I'm trying to write a generic mean function that operates on an Iterable that contains numeric types. It would operate, say, on arrays, as so:
val rand = new scala.util.Random()
val a = Array.fill(1000) { rand.nextInt(101) }
val b = Array.fill(1000) { rand.nextDouble }
println(mean(a))
println(mean(b))
etc., hopefully being able to work on other iterables, such as lists.
I have tried various incantations for the mean method, to no avail:
def mean[T <% Numeric[T]](xs: Iterable[T]) = xs.sum.toDouble / xs.size
def mean[A](xs: Iterable[Numeric[A]]):Double = xs.sum.toDouble / xs.size
def mean[T](xs: Iterable[T])(implicit num: Numeric[T]):Double = xs.sum / xs.size
def mean(xs: Iterable[Double]) = xs.sum / xs.size
What is the proper way to do this in Scala?
This works:
def mean[T : Numeric](xs: Iterable[T]): T = implicitly[Numeric[T]] match {
case num: Fractional[_] => import num._; xs.sum / fromInt(xs.size)
case num: Integral[_] => import num._; xs.sum / fromInt(xs.size)
case _ => sys.error("Undivisable numeric!")
}
So, let's make some explanations. First, Numeric
must be used in type class pattern. That is, you don't say a type T
is, or can be converted into, Numeric
. Instead, Numeric
provides methods over a type T
. One such example is num.fromInt
.
Next, Numeric
does not provide a common division operator. Instead, one must choose between Fractional
and Integral
. Here, I'm matching on Numeric[T]
to distinguish between both.
Note that I don't use T
on the match, because Scala cannot check for type parameters on matches, as they are erased. Instead, I use _
, and Scala infers the correct type if possible (as it is here).
After that, I'm importing num._
, where num
is either Fractional
or Integral
. This brings some implicit conversions into context that let me do stuff like calling the method /
directly. If I did not do that import, I'd be forced to write this:
num.div(xs.sum, num.fromInt(xs.size))
Note that I do not have to pass the implicit parameter to xs.sum
, since it is already implicitly available in the scope.

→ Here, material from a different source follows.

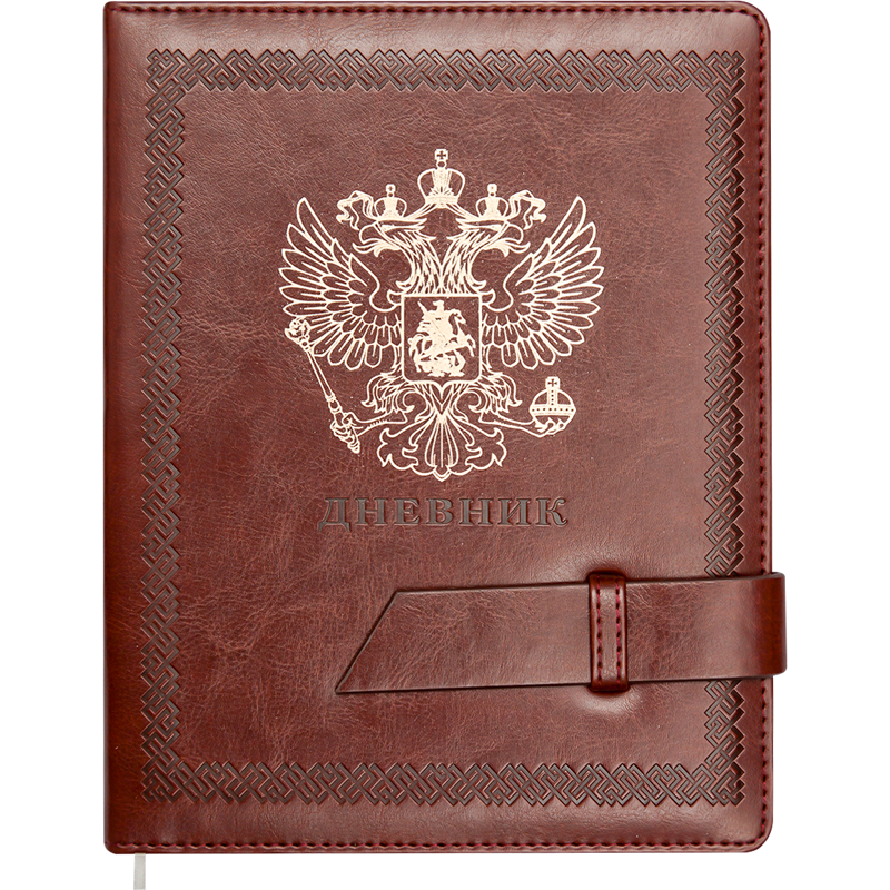 Дневник "deVENTE. Герб" универсальный блок, 48 листов, белая бумага 80 г/м², печать в 1 краску, твердая обложка из искусственной кожи с поролоном, хлястик, термо тиснение, тиснение фольгой, отстрочка, 1 ляссе, коричневый
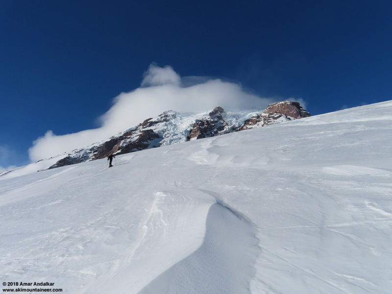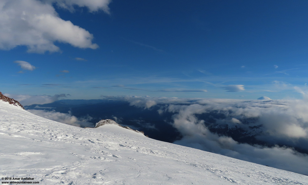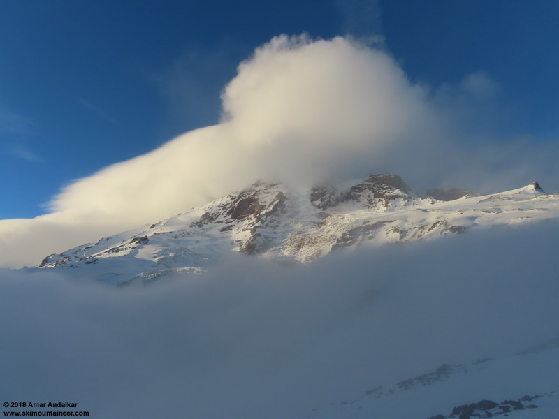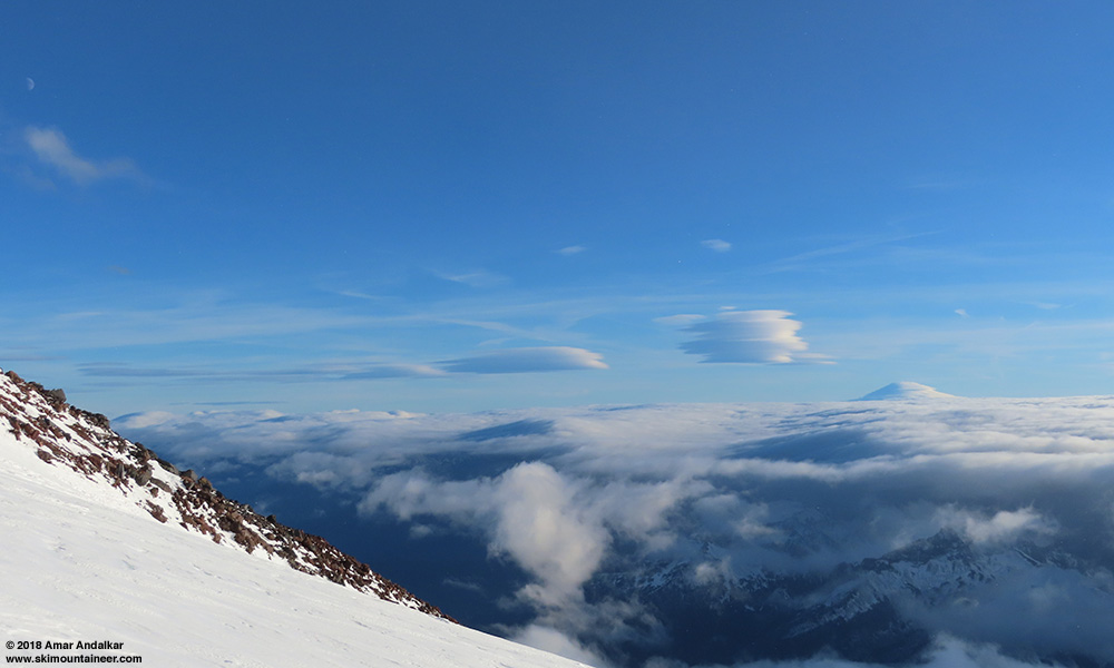 There was barely 1 millimeter of new snow atop the old snow surface at Paradise, increasing to maybe a centimeter by 6500 ft. The skin up the summer trail route at Panorama Point was icier and harder than it had been on November 11-12, and ski crampons were very helpful from 6500-7200 ft, but Pan Face looked much worse and was not even worth considering as an ascent option. Looking south, a nicely-formed smooth lenticular capped Mount Adams too.

I guess that's it. Did I miss anything?
One of your version is pretty close:
def mean[T](xs: Iterable[T])(implicit num: Numeric[T]):Double =
num.toDouble(xs.sum) / xs.size
Here is the other syntax:
def mean[T: Numeric](xs: Iterable[T]):Double =
implicitly[Numeric[T]].toDouble(xs.sum) / xs.size
def mean[A](it:Iterable[A])(implicit n:Numeric[A]) = {
it.map(n.toDouble).sum / it.size
}
This is quite an old question, but I am basically doing this
def average[A](list: List[Any])(implicit numerics: Numeric[A]): Double = {
list.map(Option(_)).filter(_.isDefined).flatten match {
case Nil => 0.0
case definedElements => numerics.toDouble(list.map(_.asInstanceOf[A]).sum) / definedElements.length.toDouble
}
}
for a list which might contain null
values (I have to keep interoperability with Java). The null
elements are not counted towards the average.